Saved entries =
-------------------------

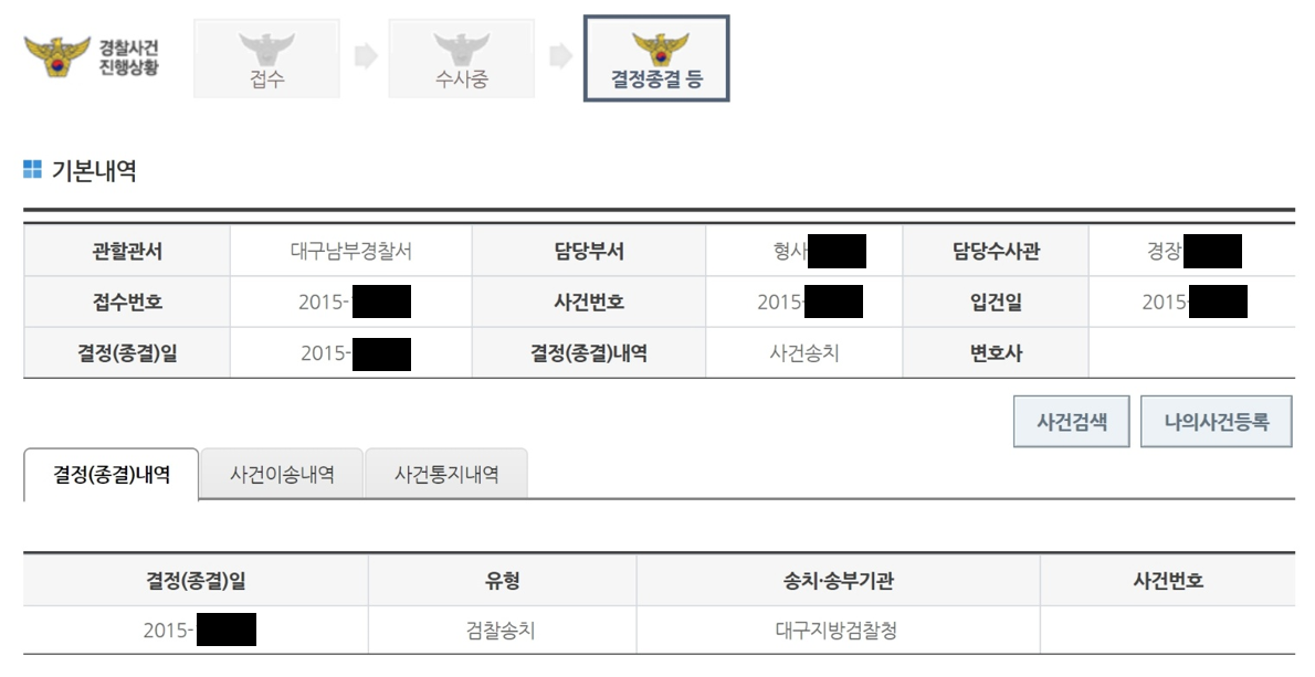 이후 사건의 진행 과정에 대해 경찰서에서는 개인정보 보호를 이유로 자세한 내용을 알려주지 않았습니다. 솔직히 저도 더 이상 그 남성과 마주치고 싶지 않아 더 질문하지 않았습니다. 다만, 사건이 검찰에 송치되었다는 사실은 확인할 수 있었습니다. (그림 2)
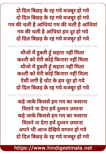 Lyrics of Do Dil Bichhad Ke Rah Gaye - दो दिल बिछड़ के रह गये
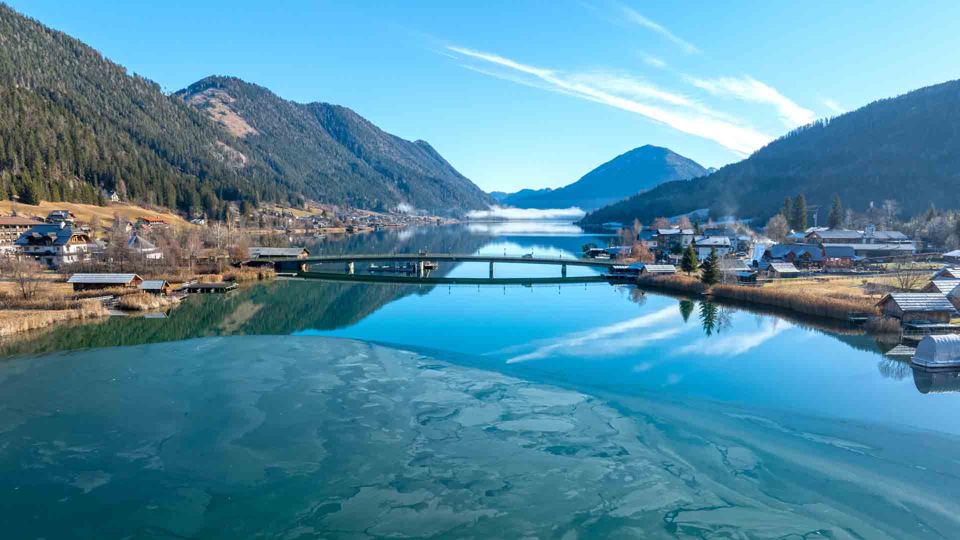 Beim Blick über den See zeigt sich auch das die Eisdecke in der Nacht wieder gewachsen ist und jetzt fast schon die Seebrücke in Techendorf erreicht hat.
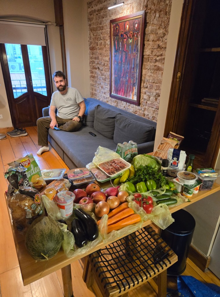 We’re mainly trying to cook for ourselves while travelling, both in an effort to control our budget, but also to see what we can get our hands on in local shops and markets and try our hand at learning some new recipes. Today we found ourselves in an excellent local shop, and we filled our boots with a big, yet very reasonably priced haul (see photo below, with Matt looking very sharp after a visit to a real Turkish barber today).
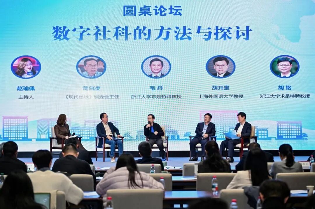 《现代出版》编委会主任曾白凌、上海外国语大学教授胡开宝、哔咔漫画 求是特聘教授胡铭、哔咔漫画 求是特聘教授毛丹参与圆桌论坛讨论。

-------------------------

What you are asked to do =
Copy out all the data exactly; skip the pictures.

Your response =
 이후 사건의 진행 과정에 대해 경찰서에서는 개인정보 보호를 이유로 자세한 내용을 알려주지 않았습니다. 솔직히 저도 더 이상 그 남성과 마주치고 싶지 않아 더 질문하지 않았습니다. 다만, 사건이 검찰에 송치되었다는 사실은 확인할 수 있었습니다. (그림 2)
 Lyrics of Do Dil Bichhad Ke Rah Gaye - दो दिल बिछड़ के रह गये
 Beim Blick über den See zeigt sich auch das die Eisdecke in der Nacht wieder gewachsen ist und jetzt fast schon die Seebrücke in Techendorf erreicht hat.
 We’re mainly trying to cook for ourselves while travelling, both in an effort to control our budget, but also to see what we can get our hands on in local shops and markets and try our hand at learning some new recipes. Today we found ourselves in an excellent local shop, and we filled our boots with a big, yet very reasonably priced haul (see photo below, with Matt looking very sharp after a visit to a real Turkish barber today).
 《现代出版》编委会主任曾白凌、上海外国语大学教授胡开宝、哔咔漫画 求是特聘教授胡铭、哔咔漫画 求是特聘教授毛丹参与圆桌论坛讨论。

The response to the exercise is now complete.